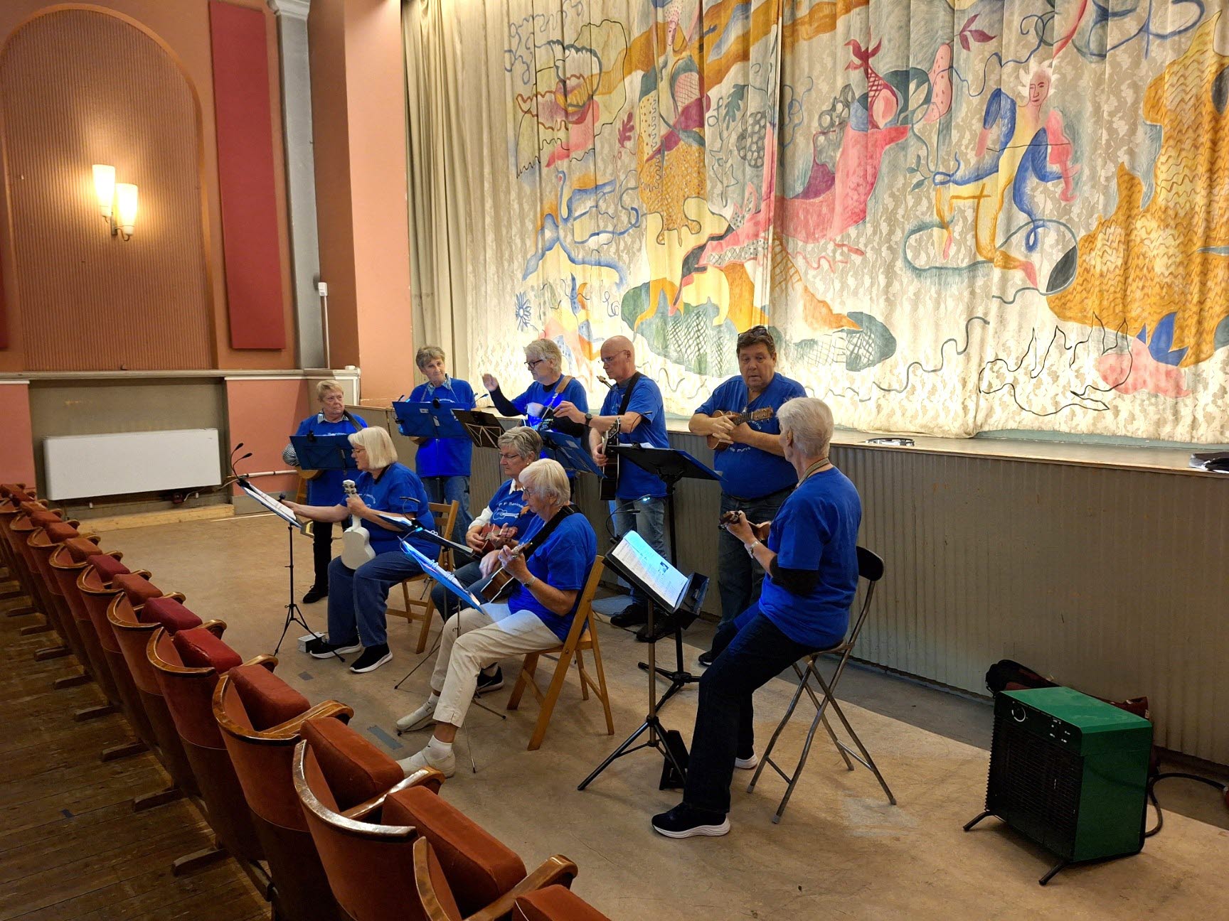 På söndagen underhöll Ukulelegruppen på Stora Biografen, en halvtimma innan Filmstudions filmvisning. Detta har blivit en uppskattad tradition. Ukulelegruppen spelade som vanligt glada och medryckande låtar. Det blev Taube, Afzelius och Elvis med mera. Applåderna blev stora.
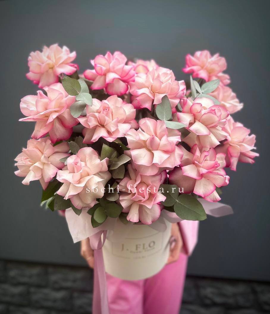 вывернутые розы Венди, цилиндр D20, эвкалипт, лента, упаковка.
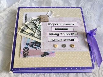 Make a "savings book". To create a cover, you need to take an A5 format folder and wrap it in bright fabric. To decorate the pages of the passbook, you should paste different funny pictures on each of them, corresponding to the theme.
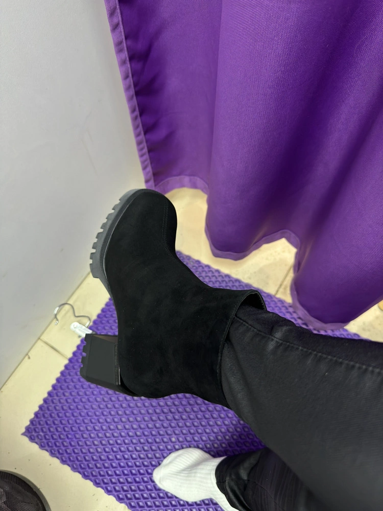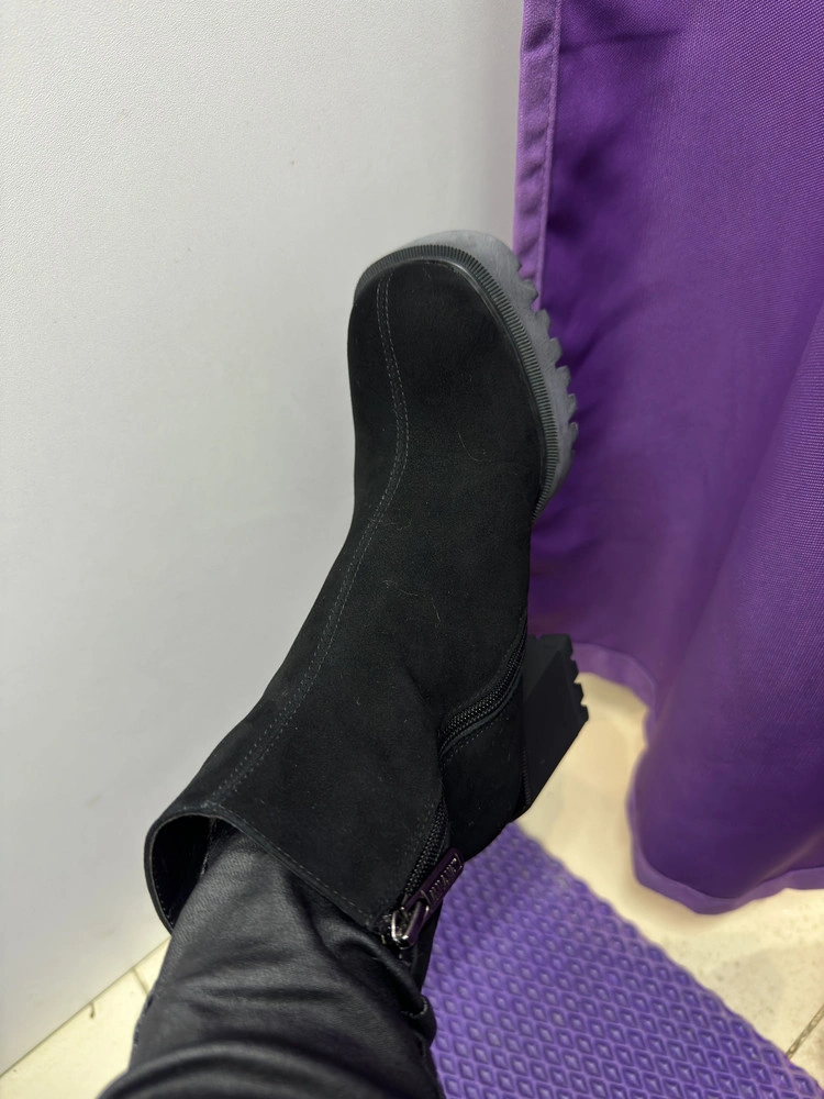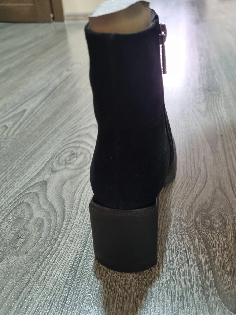 Ботинки пришли быстро, хорошо упакованы. Колодка удобная, нигде не давят. Первое впечатление хорошее, замша мягкая, без потертостей, мех плотный, но оставляет следы на носках, думаю, что примнется!

####################

▶ **Your objective**
Reproduce the material word for word, pictures excluded.

▶ **Solution for this problem**
 På söndagen underhöll Ukulelegruppen på Stora Biografen, en halvtimma innan Filmstudions filmvisning. Detta har blivit en uppskattad tradition. Ukulelegruppen spelade som vanligt glada och medryckande låtar. Det blev Taube, Afzelius och Elvis med mera. Applåderna blev stora.
 вывернутые розы Венди, цилиндр D20, эвкалипт, лента, упаковка.
 Make a "savings book". To create a cover, you need to take an A5 format folder and wrap it in bright fabric. To decorate the pages of the passbook, you should paste different funny pictures on each of them, corresponding to the theme.
 Ботинки пришли быстро, хорошо упакованы. Колодка удобная, нигде не давят. Первое впечатление хорошее, замша мягкая, без потертостей, мех плотный, но оставляет следы на носках, думаю, что примнется!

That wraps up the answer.